Aaron Spevack specializes in Islamic Intellectual History, with an emphasis on 13th-19th-century law, theology, and Sufism and their reception in contemporary Muslim communities. He has published two books and a number of articles on Islamic intellectual history including The Archetypal Sunni Scholar: Law, Theology, and Mysticism in the Synthesis of al-Bajuri (SUNY, 2014.) His most recent article, Defending Definitions: The Tools of Disputation in the Logic of al-Fanari, was published in the Methodos journal in 2022. He is currently working on an annotated translation and study of Mulla Fanari’s Fawa’id al-Fanariyya, which is an advanced commentary on the science of logic.
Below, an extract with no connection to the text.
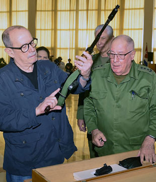 ▲ El titular de las Fuerzas Armadas Revolucionarias, el general Álvaro López Miera, y el presidente Miguel Díaz-Canel entregaron un fusil AKM de combate al cantautor. Foto ministerio de las Fuerzas Armadas Revolucionarias

Since 2011, he has taught courses on Islam, Islamic Finance, and World Religions in Harvard’s Division of Continuing Education. He has also taught at BU, Hamilton College, Colgate University, and Loyola University New Orleans. He was a Visiting Scholar in Harvard’s Near Eastern Languages and Civilizations from 2019-2021 and continues his research affiliation currently as a Research Associate.  Previously, he has been a visiting researcher in Harvard Law School’s Program in Islamic Law where he worked on Talfiq (legal patch-working) in Inheritance, Divorce, and Islamic Finance. He serves as Editor-in-Chief for the Journal of Islamic Philosophy, the ASIPT Online Journal, and the ASIPT Series on Islamic Philosophy and Theology with Lockwood Press. In 2020, he co-founded the American Society of Islamic Philosophy and Theology with support from the Templeton Foundation, and currently leads a research team in Brandeis University’s Near Eastern and Judaic Studies who are producing various resources for their Verification and Renewal Curriculum. In addition to research and teaching, he serves as Muslim Chaplain for the Brandeis and BU Muslim communities.

Muhammad Hozein

Muhammad Hozein is a scholar of Islamic Philosophy & al-Ghazali, maintaining the website www.ghazali.org.  He is an editor of the Journal of Islamic Philosophy and a specialist in both English and Arabic typesetting.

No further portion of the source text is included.